The system stores and distributes structured, semi-structured, and unstructured data across multiple servers. ECL uses an "apply schema on read" method to infer the structure of stored data when it is queried, instead of when it is stored. Quantcast File System was available about the same time.
Systems up until 2008 were 100% structured relational data.
Since then, Teradata has added unstructured data types including XML, JSON, and Avro. (now Lexis Nexis Group) developed a C -based distributed file-sharing framework for data storage and query. The two platforms were merged into HPCC (or High-Performance Computing Cluster) Systems and in 2011, HPCC was open-sourced under the Apache v2.0 License.
Data must be processed with advanced tools (analytics and algorithms) to reveal meaningful information.

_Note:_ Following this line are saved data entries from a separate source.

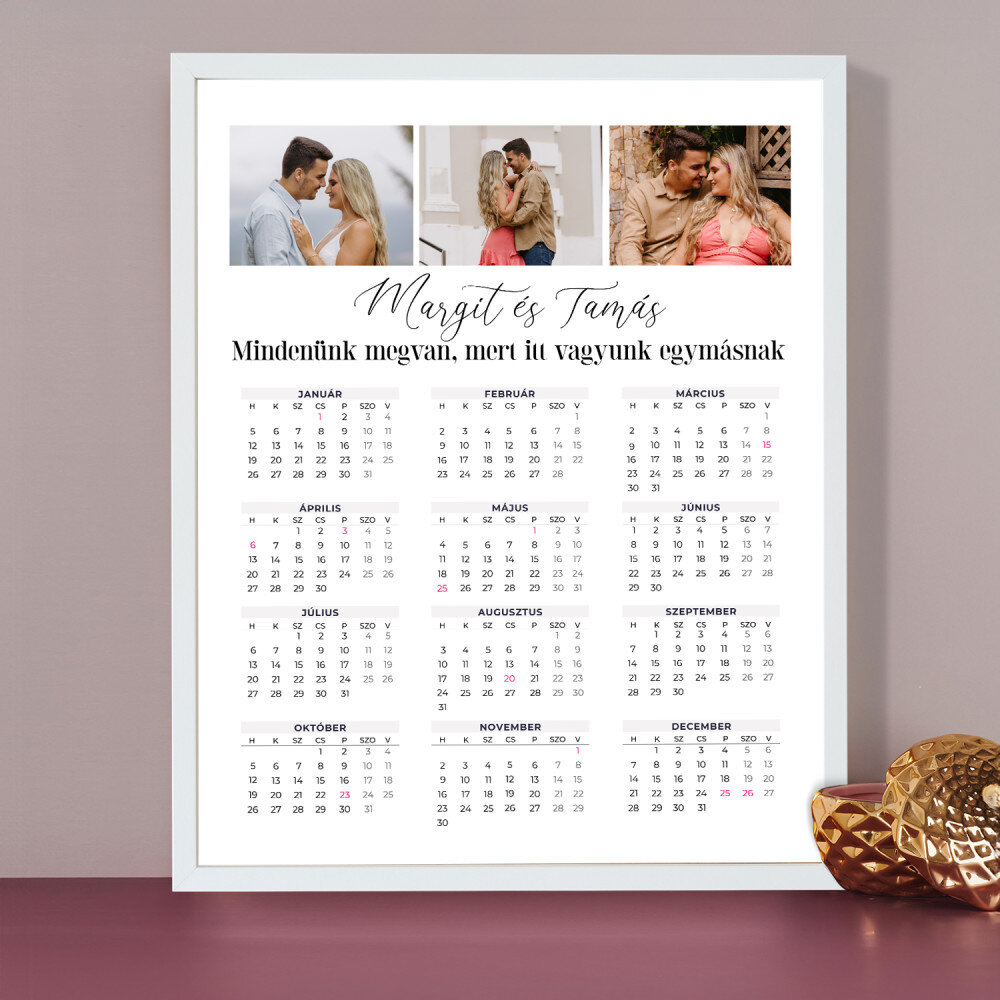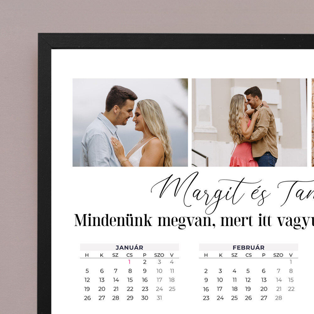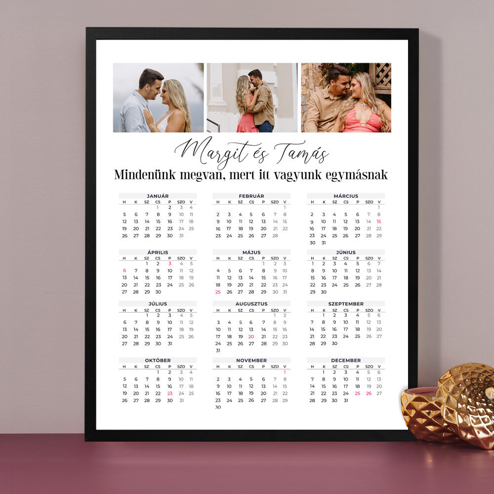 A személyre szabott, bekeretezett naptár remek ajándék ötlet, amely minden belső térhez tökéletes! Az egész év egy oldalra került, így az összes hónap napjai egyben láthatóak. A fotópapírra készült nyomat gyönyörű, a színek telítettek és a kiváló minősége miatt, tartósan megmaradnak. Tökéletes ajándék és egyben maradandó emlék is!A termék méretei: 40 x 50 cm
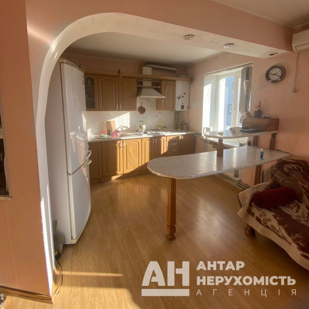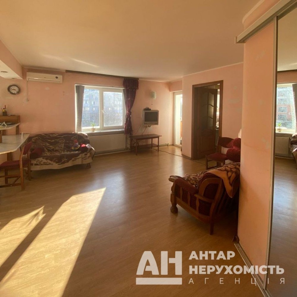 Не кутова, простора квартира-студія з роздільними кімнатами. Перепланована з чотирьох кімнатної. Автономне газове опалення, енергоощадні вікна, великий санвузол, лоджія та балкон засклені. Площа - 90 м². Поверх - 5/5. Над квартирою технічний поверх. Будинок новий, ОСББ, закритий двір.
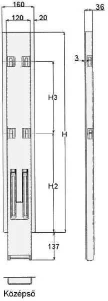 | Înălțime | H = 1000 mm, H2 = 500 mm, H3 = 350 mm |
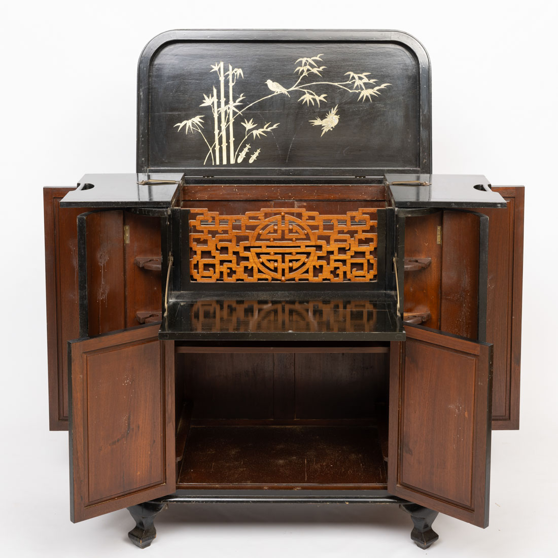 Em madeira lacada a negro, decoração a dourado "bambus e pássaros". Pequenas falhas, defeitos e xilófagos.
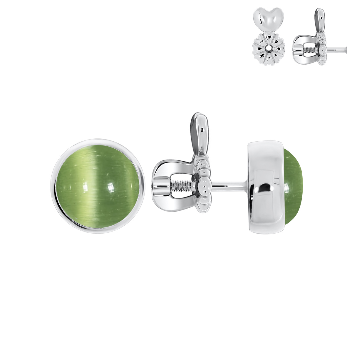 Пусеты для женщин из серебра 925 пробы с кошачий глазами из коллекции Уральские самоцветы артикул П340262780-60 от компании KRASNOE
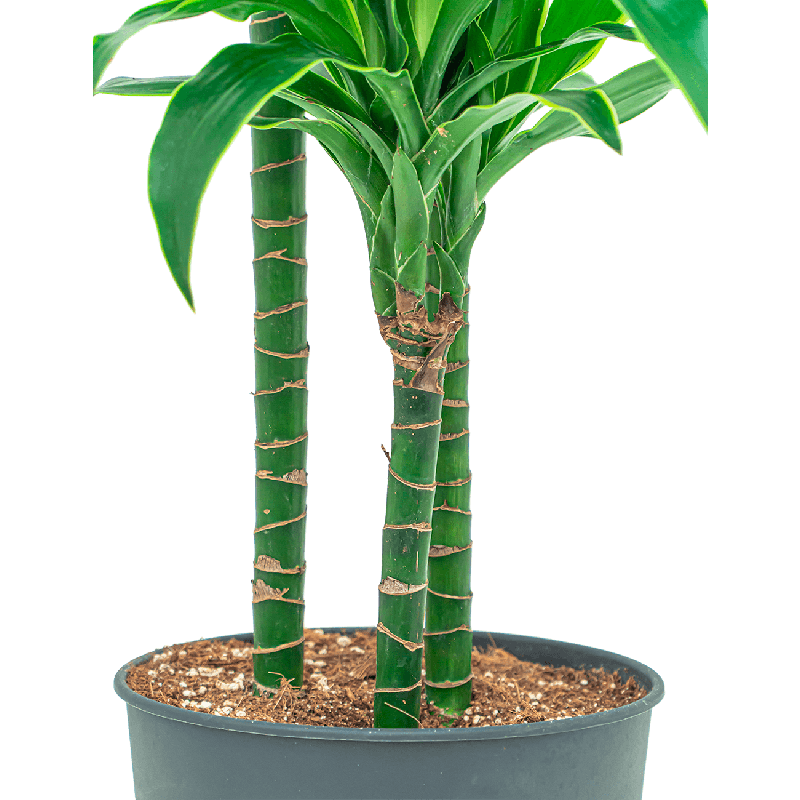 De Dracaena kent haar oorsprong in Afrika en in de tropen van Midden-Amerika en Azië. De Dracaena, ook wel Drakenplant of Drakenbloedboom genoemd, is onderdeel van de Dracaenaceae familie. Zij dankt haar naam aan de rode hars wat de plant afscheidt als er een snee in de stam of bladeren wordt gemaakt. In Nederland komen verschillende soorten veelal voor, zoals de Dracaena Marginata, Fragrans, Massangeana, Janet en Surculosa. Deze laatste heeft in plaats van strepen stippen op haar blad.
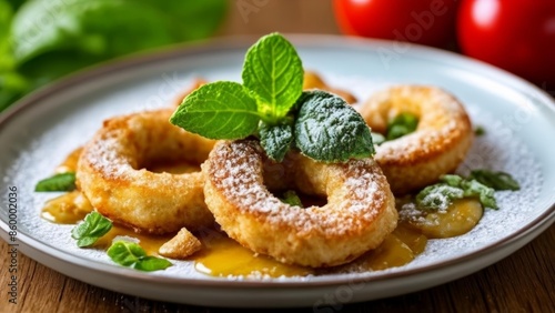 powdered sugar, dessert, presentation, mint, maple syrup, indulgence, gastronomy, enticing, culinary, appetising, culinary arts, plate, fried, glaze, mouth-watering, food photography, donut, delectable, food, table, pastry, garnish, dish, sweet, epicure
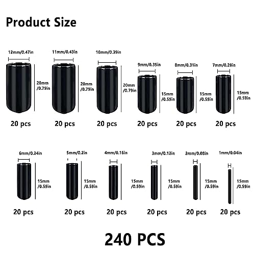 SVOCK 240pcs Tappi Terminali In Gomma, 12 Set Tappo Chiusura Plastica Nero, Tappi Gomma Multifunzione, Cappuccio Del Bullone Della Flessibili, Cappucci Terminali In Gomma Nera per Viti Tubi Tondi
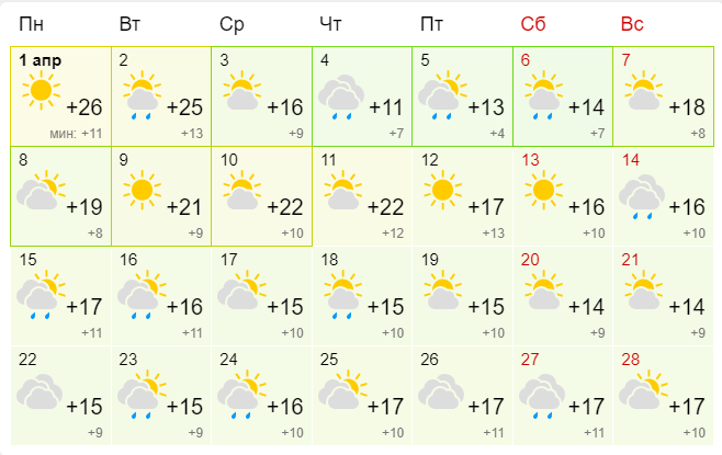 В Киеве апрель начнется с +26 градусов днем. Такое тепло продержится до 2 апреля. Затем похолодает +16, и эта дневная температура будет считаться среднемесячной. Заморозков уже не ожидается даже ночью. Дождь будет идти около десяти дней, но небольшой - ливней не прогнозируется.
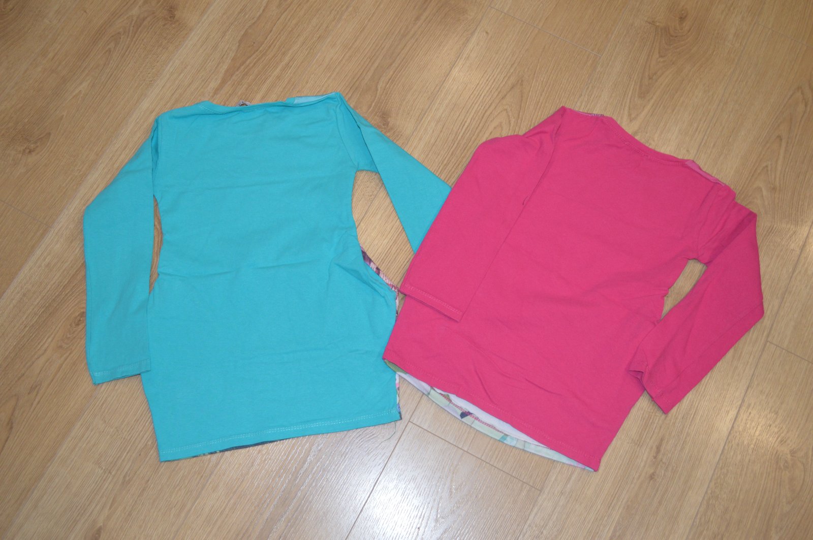 2x šaty/predĺžené tričko, jemne zateplené, uvedená veľkosť 122 ale zodpovedá veľkosti 110/116, na zelených je fľak na rukáve
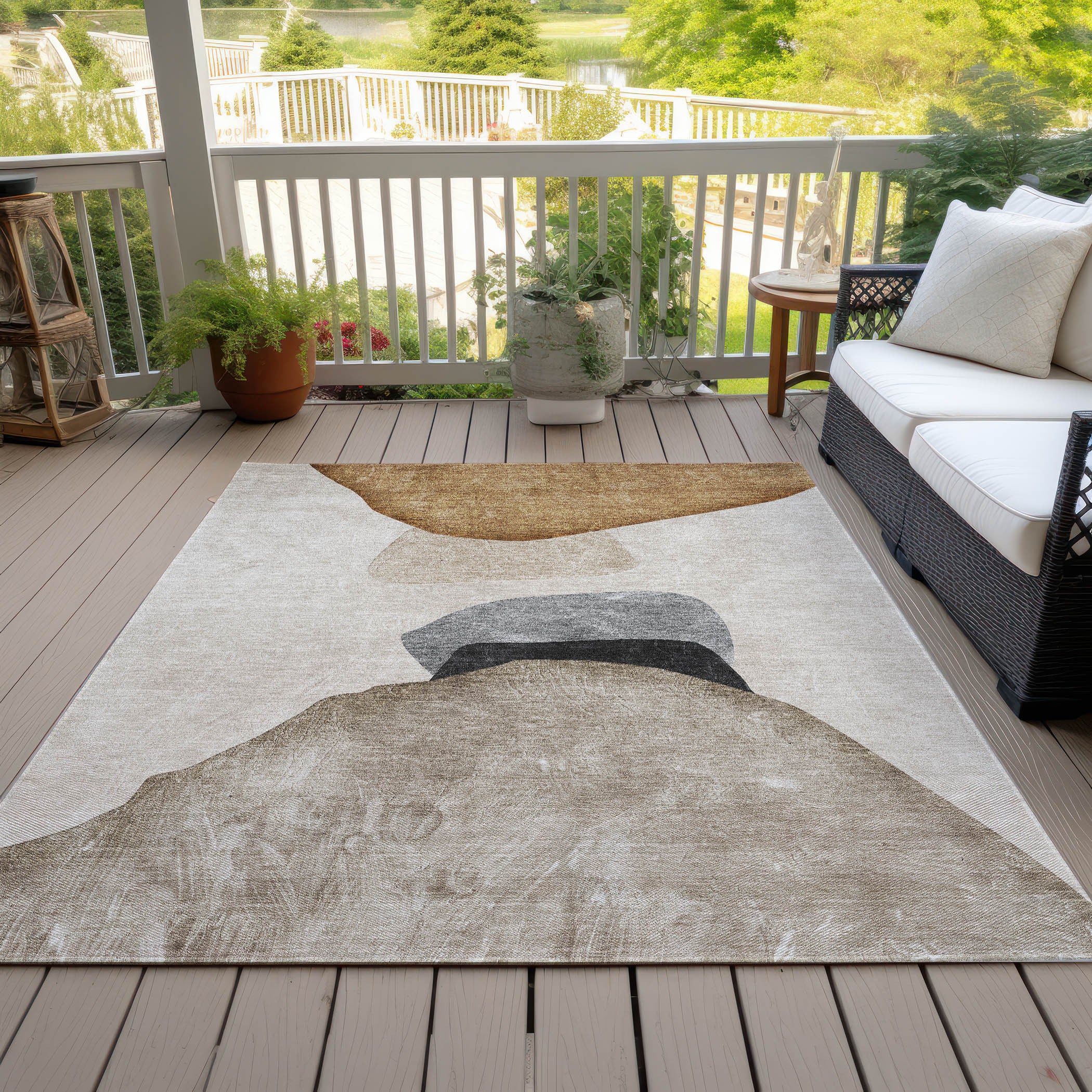 10' X 14' Tan Brown and Gray Abstract Washable Non Skid Indoor Outdoor Area Rug
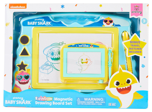 Inspire creative expression with the Baby Shark Rainbow Magnetic Drawing Board Set. Includes a magnetic drawing table, sliding eraser, attachable stylus, three magnetic stampers, mini magnetic drawing tablet, sliding eraser, attachable stylus and a bonus travel sketcher. Perfect for artistic play at home or on the go. For ages 3 years and up.
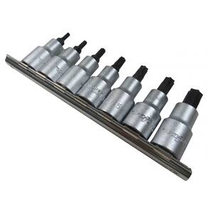 Jogo de soquetes bits torx 1/2' com 7 peças. produto de alta qualidade, fabricado em aço cromo vanádio e ponteiras escurecidas em chrome silicium vanadium. acompanha base de encaixe para organização dos soquetes e evitar perda. Marca: waft Conteúdo: -7 Bits torx: t20, t25, t30, t40, t45, t50 e t55 -1 Base de encaixe Aplicação: Ideal para profissionais da linha mecânica, industrias e manutenção em geral. utilizado para aperto e desaperto com maior torque em parafusos com encaixe torx com pino guia. Código: 6345 Marca: Não Informado

For example, to manage a factory one must consider both visible and invisible issues with various components.
In 2004, Google published a paper on a process called Map Reduce that uses a similar architecture.
The Map Reduce concept provides a parallel processing model, and an associated implementation was released to process huge amounts of data.This type of architecture inserts data into a parallel DBMS, which implements the use of Map Reduce and Hadoop frameworks.This type of framework looks to make the processing power transparent to the end user by using a front-end application server.This helps people who analyze it to effectively use the resulting insight.Big data draws from text, images, audio, video; plus it completes missing pieces through data fusion.preferring direct-attached storage (DAS) in its various forms from solid state drive (SSD) to high capacity SATA disk buried inside parallel processing nodes.